(How to complete this task):
In the records below, find the line containing "wymiarach 50x70 cm" and the line containing "Tavolo rotondo da". Give again exactly those lines and every line between them, omitting the pictures.

(Task material):

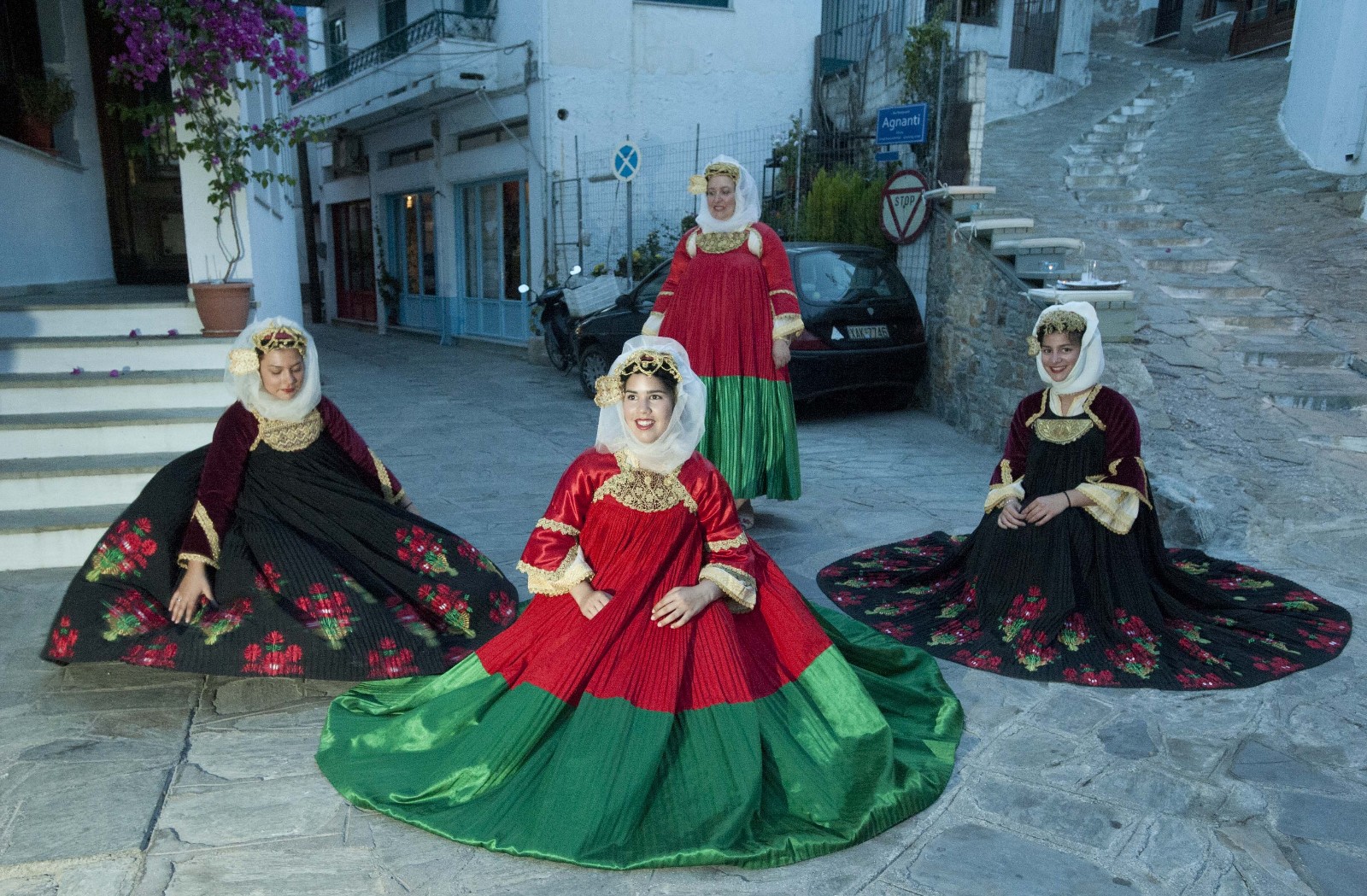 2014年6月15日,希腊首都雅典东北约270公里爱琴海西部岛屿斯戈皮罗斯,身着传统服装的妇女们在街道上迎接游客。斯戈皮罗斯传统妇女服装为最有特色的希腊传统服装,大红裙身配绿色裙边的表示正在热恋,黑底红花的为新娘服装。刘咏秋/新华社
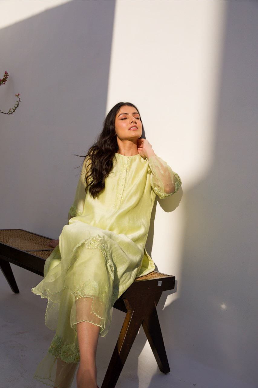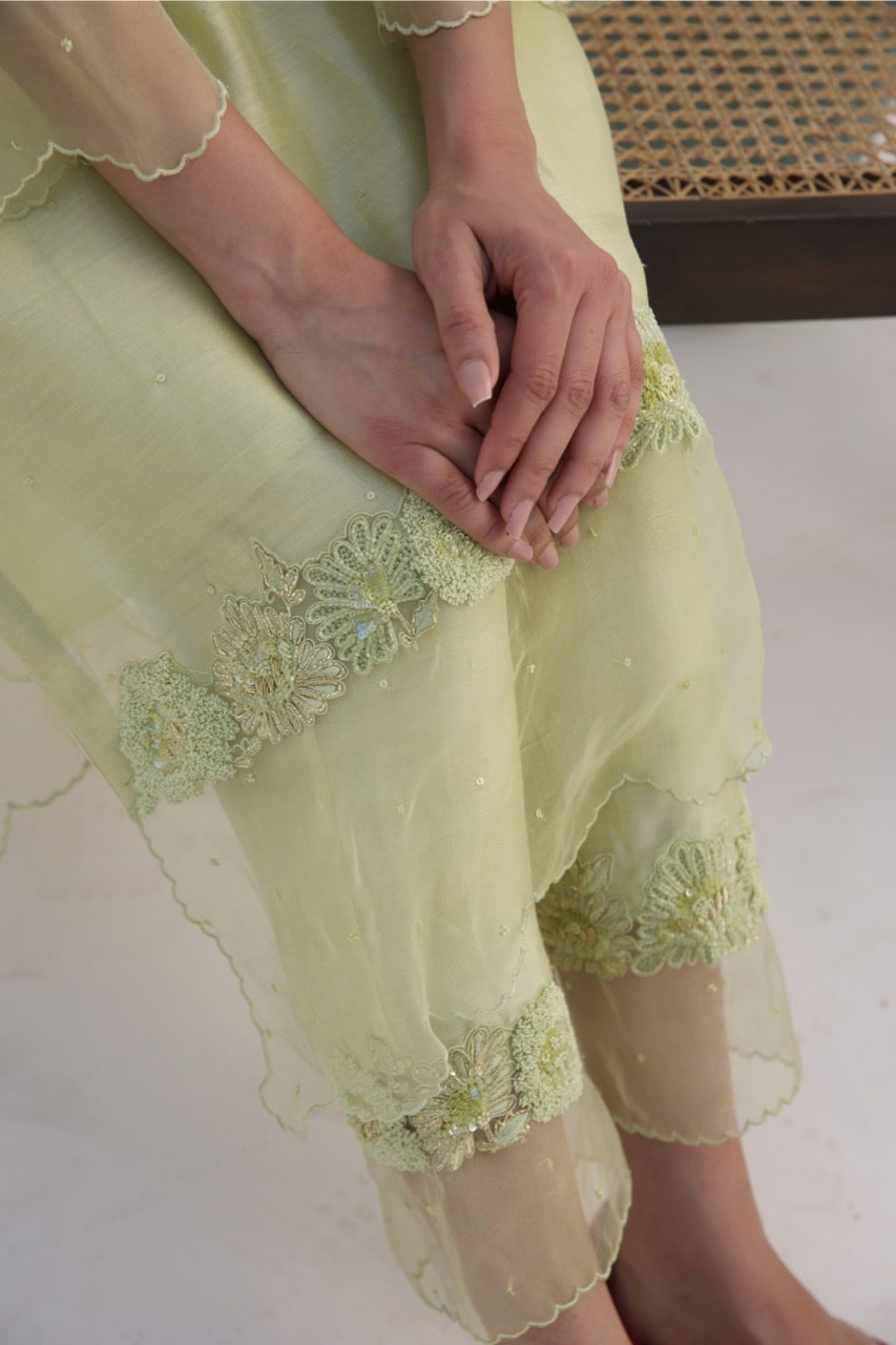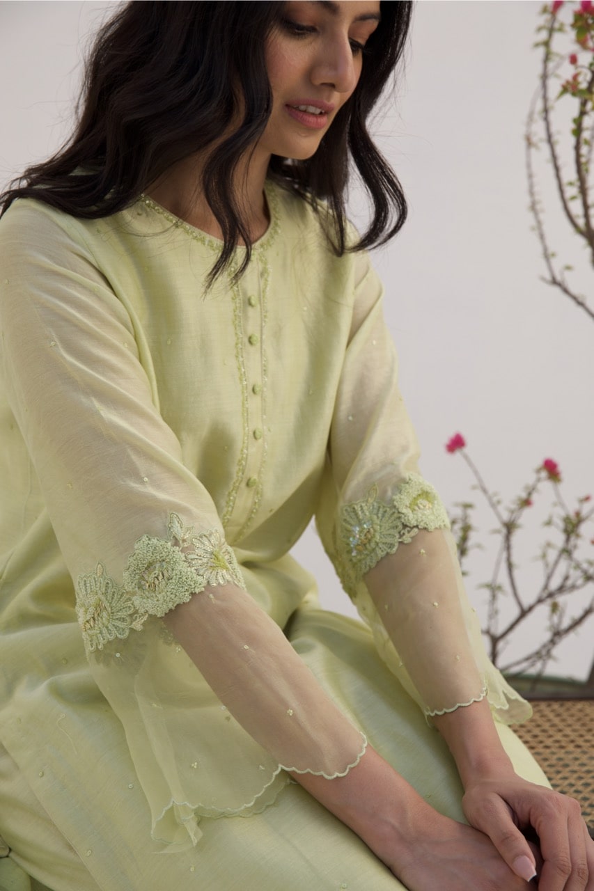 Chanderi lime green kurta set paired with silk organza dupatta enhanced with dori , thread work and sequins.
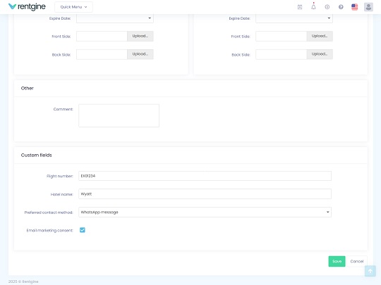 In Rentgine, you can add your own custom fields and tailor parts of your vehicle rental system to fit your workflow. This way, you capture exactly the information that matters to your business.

---

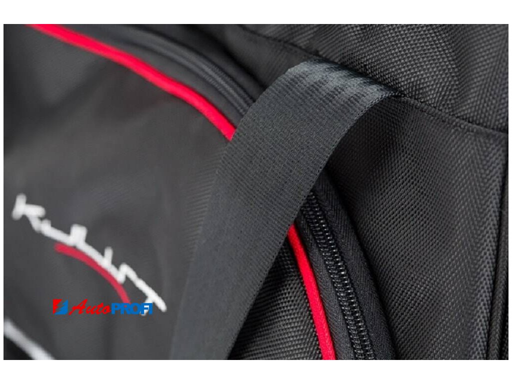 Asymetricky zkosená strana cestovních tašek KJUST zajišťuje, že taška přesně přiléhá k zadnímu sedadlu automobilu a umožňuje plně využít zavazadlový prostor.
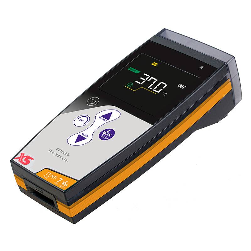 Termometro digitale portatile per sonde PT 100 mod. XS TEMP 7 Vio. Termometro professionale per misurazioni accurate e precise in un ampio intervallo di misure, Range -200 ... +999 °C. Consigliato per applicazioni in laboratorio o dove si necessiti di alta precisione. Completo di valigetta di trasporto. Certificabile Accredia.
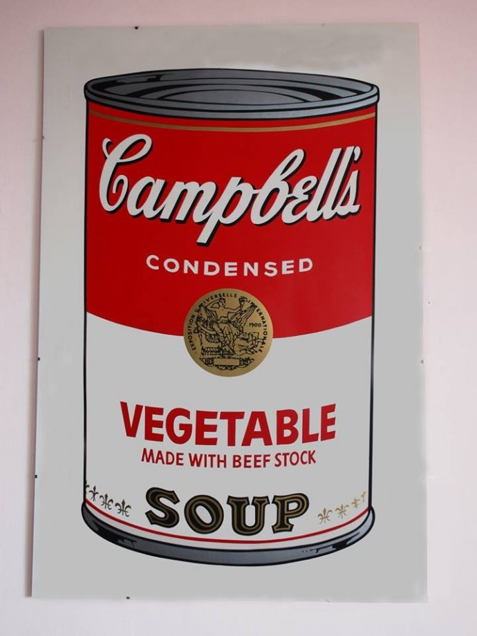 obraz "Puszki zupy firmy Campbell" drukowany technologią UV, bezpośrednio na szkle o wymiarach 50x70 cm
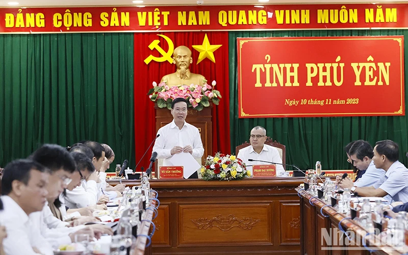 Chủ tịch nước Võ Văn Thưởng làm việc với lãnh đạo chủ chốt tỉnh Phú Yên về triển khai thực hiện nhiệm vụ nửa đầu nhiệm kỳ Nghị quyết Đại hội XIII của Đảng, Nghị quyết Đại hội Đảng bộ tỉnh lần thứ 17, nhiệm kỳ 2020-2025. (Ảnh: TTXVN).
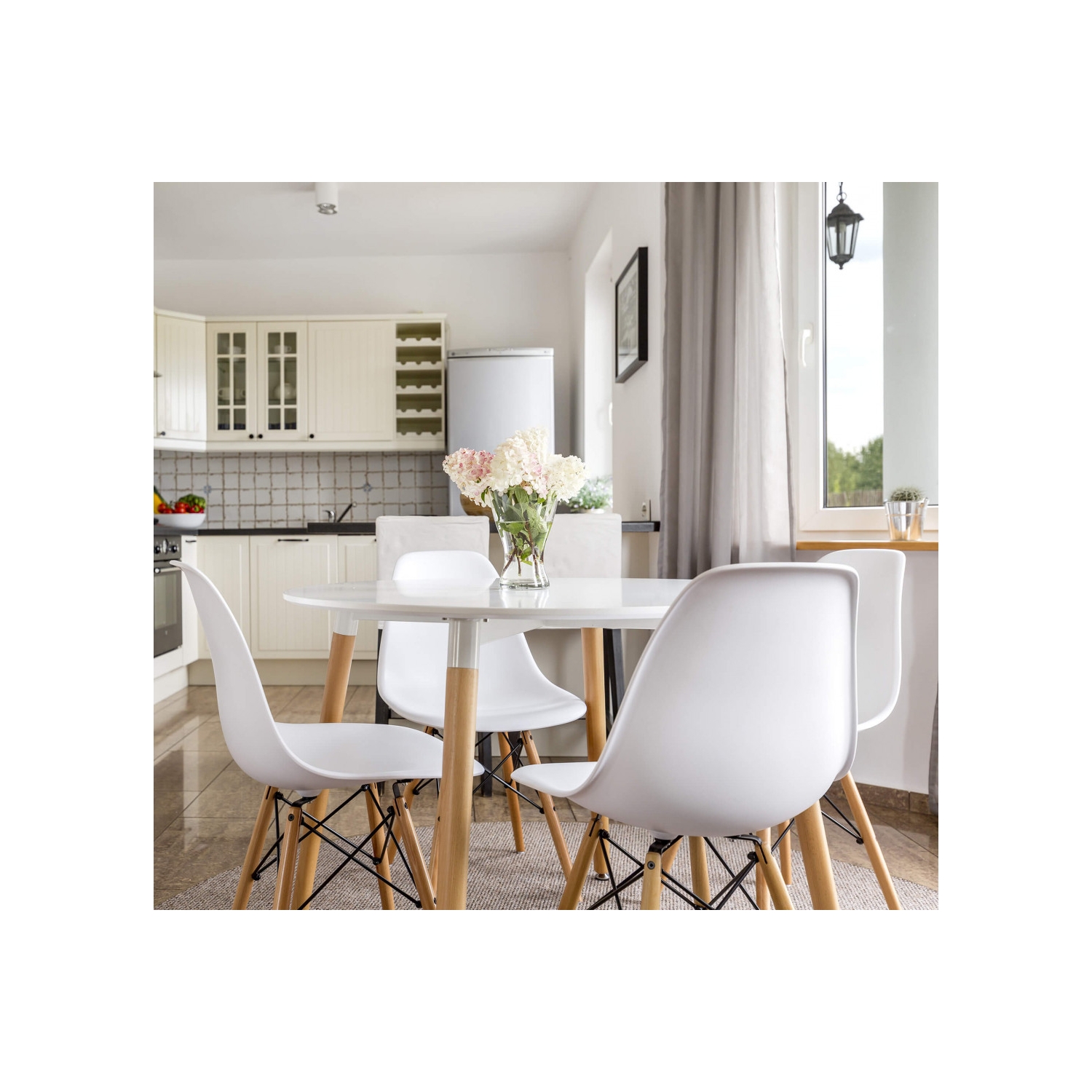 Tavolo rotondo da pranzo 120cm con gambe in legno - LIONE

...

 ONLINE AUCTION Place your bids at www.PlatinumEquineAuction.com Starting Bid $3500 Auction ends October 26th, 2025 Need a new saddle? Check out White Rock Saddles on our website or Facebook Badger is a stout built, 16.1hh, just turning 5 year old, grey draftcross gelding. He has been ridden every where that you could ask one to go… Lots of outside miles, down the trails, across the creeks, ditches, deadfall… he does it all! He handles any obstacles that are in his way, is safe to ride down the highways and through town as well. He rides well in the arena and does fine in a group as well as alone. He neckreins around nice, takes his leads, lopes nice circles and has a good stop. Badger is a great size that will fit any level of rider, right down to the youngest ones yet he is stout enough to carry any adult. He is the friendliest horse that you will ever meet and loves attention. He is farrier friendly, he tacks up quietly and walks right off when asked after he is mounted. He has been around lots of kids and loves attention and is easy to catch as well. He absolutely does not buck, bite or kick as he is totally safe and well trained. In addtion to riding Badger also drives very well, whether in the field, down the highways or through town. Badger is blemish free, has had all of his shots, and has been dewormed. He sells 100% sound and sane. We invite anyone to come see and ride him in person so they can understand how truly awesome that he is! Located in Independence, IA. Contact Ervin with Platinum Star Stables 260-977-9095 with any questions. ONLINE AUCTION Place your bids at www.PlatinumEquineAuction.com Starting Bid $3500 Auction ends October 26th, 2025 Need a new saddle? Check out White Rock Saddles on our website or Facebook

(Answer to this problem):
 obraz "Puszki zupy firmy Campbell" drukowany technologią UV, bezpośrednio na szkle o wymiarach 50x70 cm
 Chủ tịch nước Võ Văn Thưởng làm việc với lãnh đạo chủ chốt tỉnh Phú Yên về triển khai thực hiện nhiệm vụ nửa đầu nhiệm kỳ Nghị quyết Đại hội XIII của Đảng, Nghị quyết Đại hội Đảng bộ tỉnh lần thứ 17, nhiệm kỳ 2020-2025. (Ảnh: TTXVN).
 Tavolo rotondo da pranzo 120cm con gambe in legno - LIONE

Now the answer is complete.